Pemuda Asal Gowa Produksi Alat Musik Tradisional: Usaha Kreatif yang Lestarikan Budaya Lokal

0-3248x1440-0-0#

MAKASSAR,FILALIN.COM, – Di tengah derasnya arus modernisasi dan perkembangan teknologi, masih ada generasi muda yang tetap berkomitmen menjaga warisan budaya lokal. Salah satunya adalah Muh. Yusuf, pemuda berusia 27 tahun yang akrab disapa Hendri. Ia berasal dari Desa Kanjilo, Kecamatan Barombong, Kabupaten Gowa, dan telah delapan tahun terakhir menekuni usaha pembuatan alat musik tradisional khas Gowa.

 

Usaha kreatif ini dimulai sejak Hendri masih duduk di bangku SMA. Berbekal ketekunan dan bakat seni yang dimilikinya, ia mulai memproduksi alat musik tradisional secara mandiri.
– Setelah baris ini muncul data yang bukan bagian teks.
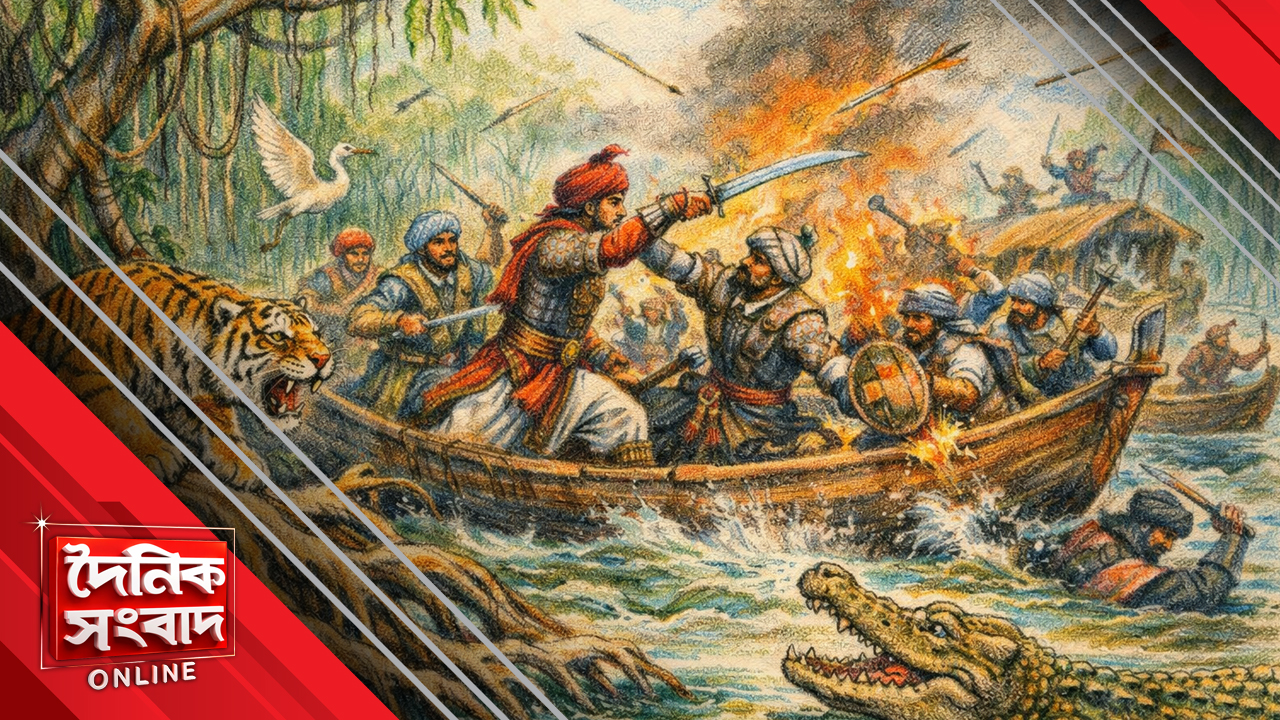 ঈসা খাঁর যুদ্ধক্ষেত্র ছিল ভাটির নদীবুক। প্রতাপাদিত্যের রাজ্য আরো দক্ষিণে — যেখানে ভাগীরথী থেকে মেঘনা পর্যন্ত বিস্তৃত ভূমি সমুদ্রে মেশে। ধুমঘাট ছিল তাঁর প্রধান নৌঘাঁটি — সুন্দরবনের মোহনায়, যেখানে স্থলের মানচিত্র শেষ হয়ে জলের গোলকধাঁধা শুরু হয়। এই ভূগোলে শত্রু দমন হয় দুভাবে — হয় তরবারিতে, নয় পথ হারিয়ে। সুন্দরবনের গহিনে মোগল সেনা দিক হারায়, জোয়ারে ডুবে যাওয়া পথে আটকে পড়ে। গাছের শিকড়, খাঁড়ির বাঁক, জলার কাঁদা, তার উপর বাঘ, সরীসৃপ — এগুলো প্রতাপাদিত্যের মিত্র। মোগলের কাছে এগুলো শুধু বিপদ।

Kini, dengan bantuan enam orang rekannya, Hendri mampu memproduksi berbagai jenis alat musik seperti kacaping, pui-pui, biola, keso-keso, hingga seruling.

 

“Awalnya saya hanya coba-coba membuat kacaping sendiri di rumah, karena memang saya suka musik tradisional sejak kecil. Lama-lama teman-teman mulai tertarik, dan akhirnya saya serius jadikan ini sebagai usaha,” ungkap Hendri saat ditemui di bengkel kerajinannya.

 

Hendri merupakan alumni Seni Rupa Universitas Negeri Makassar (UNM). Ia tumbuh dalam lingkungan keluarga pengrajin furnitur, yang memperkaya keterampilannya dalam mengolah kayu dan bahan-bahan lain menjadi produk berkualitas. Namun, berbeda dari usaha orang tuanya yang fokus pada perabotan rumah tangga, Hendri memilih jalur seni musik sebagai bentuk pengabdian terhadap budaya daerah.

 

“Buat saya, alat musik tradisional itu bukan cuma barang, tapi identitas kita sebagai orang Gowa. Kalau bukan kita yang lestarikan, siapa lagi?” tambahnya.

 

Setiap bulannya, tim kecil Hendri mampu memproduksi hingga 15 unit alat musik. Untuk kacaping dan biola, ia membanderol harga Rp450.000 per buah. Pemasaran masih dilakukan secara sederhana, yakni melalui media sosial dan jaringan teman ke teman. Meski begitu, respon pasar cukup positif, terutama dari kalangan pecinta musik tradisional dan komunitas seni di Sulawesi Selatan.

 

Namun, Hendri tidak menampik bahwa tantangan tetap ada. Salah satunya adalah keterbatasan modal untuk pengembangan usaha. Ia berharap ke depannya bisa mendapatkan dukungan dari pemerintah daerah maupun pihak swasta untuk memperluas produksi dan memperkenalkan alat musik tradisional Gowa ke pasar yang lebih luas.

 

“Saat ini kami masih terbatas dari segi alat dan tempat produksi. Kalau ada bantuan modal atau pelatihan manajemen usaha, itu akan sangat membantu kami untuk naik kelas,” ujarnya.

 

Komitmen Hendri dalam melestarikan budaya lewat karya nyata ini layak diapresiasi. Di tengah menurunnya minat generasi muda terhadap budaya lokal, kehadiran sosok seperti Hendri menjadi inspirasi bahwa tradisi bisa hidup berdampingan dengan kemajuan zaman — selama ada semangat dan kreativitas untuk terus merawatnya. (*)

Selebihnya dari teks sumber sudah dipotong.